But the project, dubbed Alba, goes much further, with the setting up of degree courses at local universities and an intellectual property (IP) exchange centre.
The design centre will create between 1,800 and 1,900 jobs, giving rise to close to 6,000 jobs in total with a 2:1 ratio of employment creation in the community. Cadence is setting up a leading systems-on-a-chip design centre in Livingston, and will spend several hundred million dollars.
This will be the largest and most important centre in Cadence’s chain of design houses called design factories. Other units specialise in digital, RF, analogue and mixed signal design. This means Scotland could become the world’s most important centre for chip design.
Scottish Enterprise hopes the design factory will seed further investment from other companies including start-ups. In addition to the design facility, an educational centre will be created. This will be run by four Scottish Universities – Edinburgh, Glasgow, Heriot Watt and Strathclyde.
The Scottish universities will have a masters degree course for system-on-a-chip design in place by the next academic year.
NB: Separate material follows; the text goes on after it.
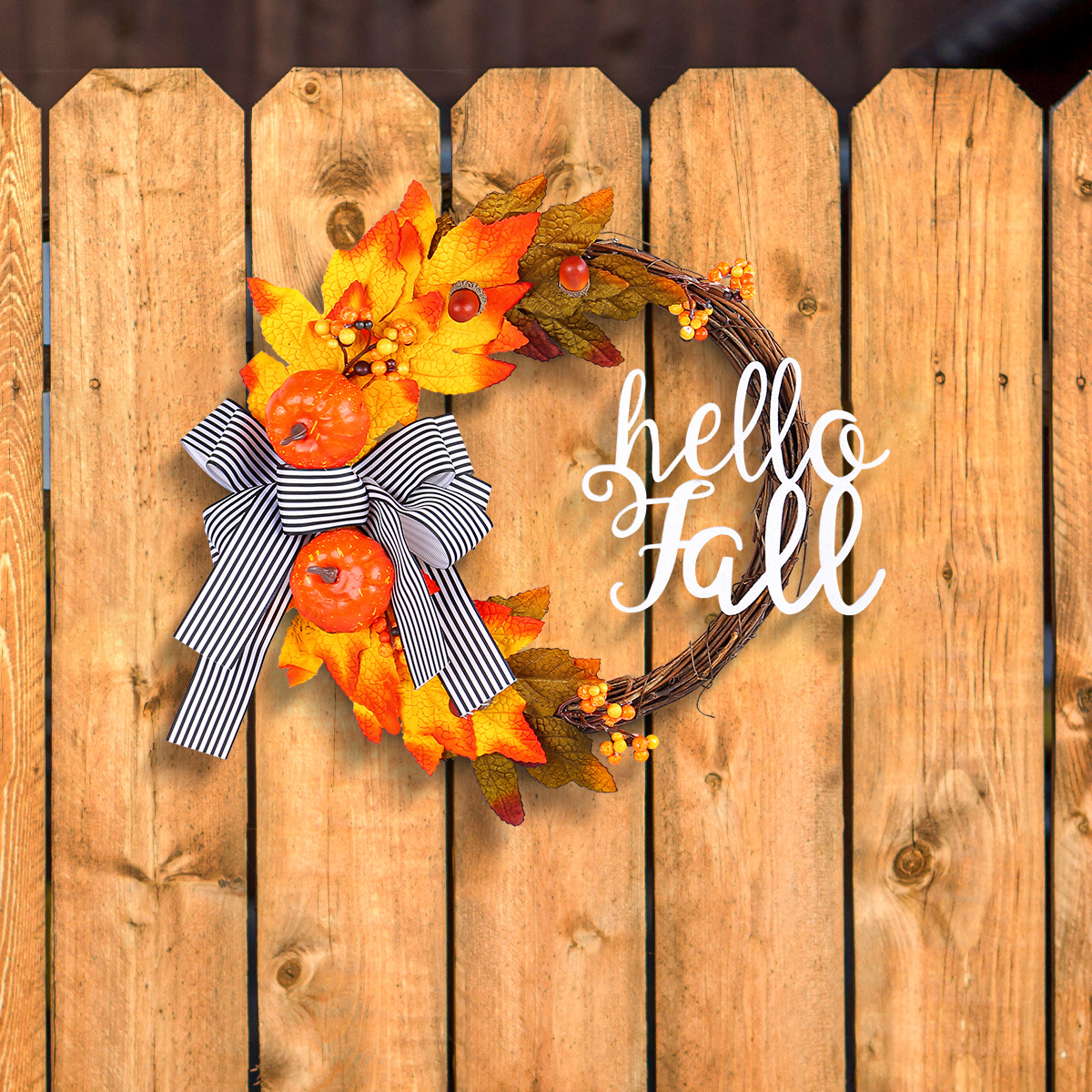 結晶辰豊収節花輪感謝祭シミュレーション紅葉カボチャ秋字牌枯枝藤輪門掛装飾品

This aims to redress the severe shortage of capable chip designers.
Perhaps the most technically exciting and challenging part of the project is the setting up of an IP exchange. System-on-a-chip ICs are the next stage of miniaturisation in electronics, and their design requires IP. It is no longer possible to design from scratch multimillion gate chips with today’s time-to-market pressures.
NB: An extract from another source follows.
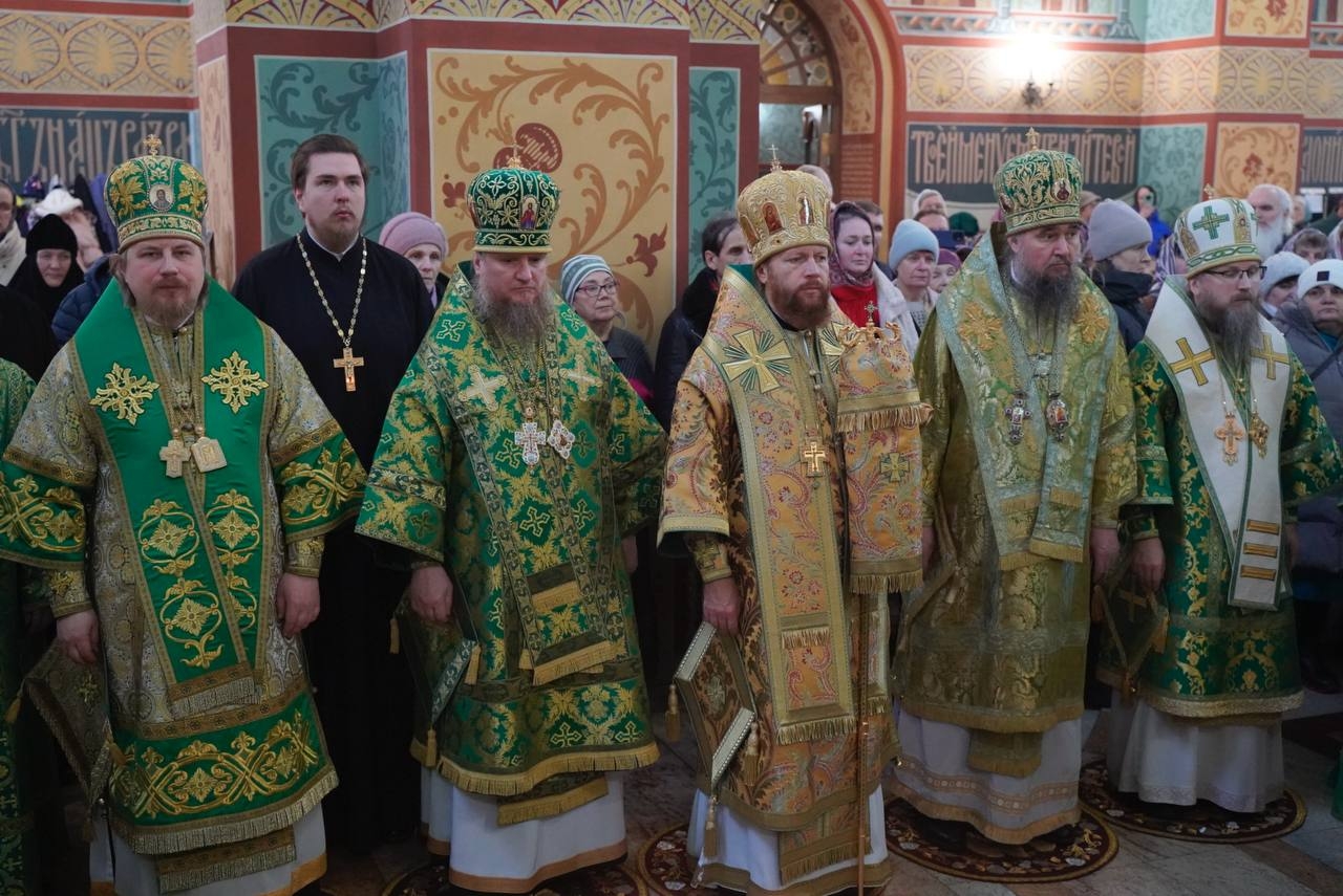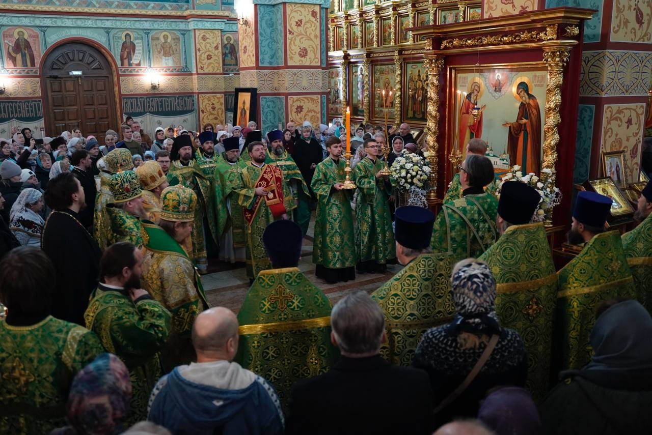 9 декабря 2025 года в кафедральном соборе города Череповца по случаю дня памяти преподобных Афанасия и Феодосия Череповецких и престольного праздника состоялось соборное архиерейское богослужение.

Project Alba hopes designers will register their IP at the exchange. Users of IP would then negotiate with the exchange, leaving the IP companies to get on with designing. The thorniest issue when transferring IP between companies is the legal one. Since the US is a litigious country, siting the exchange there was out of the question.
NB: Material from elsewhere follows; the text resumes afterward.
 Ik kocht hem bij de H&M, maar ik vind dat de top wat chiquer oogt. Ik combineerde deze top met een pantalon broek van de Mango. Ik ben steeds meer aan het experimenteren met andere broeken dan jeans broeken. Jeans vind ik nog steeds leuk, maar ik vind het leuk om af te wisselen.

Scotland was chosen for the converse reason. IBM will supply the required electronic commerce technology needed for exchanging IP.
www.sli-scotland.org.uk
What about the rest of the UK?
Scotland’s regional initiative in attracting foreign microelectronics companies is not shared by some other parts of the UK, most notably Cambridge – arguably the most successful high-tech area in the country.
Kelvin Harrison, chief executive of Cambridge-based Symbionics, points out that companies will only locate in any region of the UK if there are significant government cash incentives.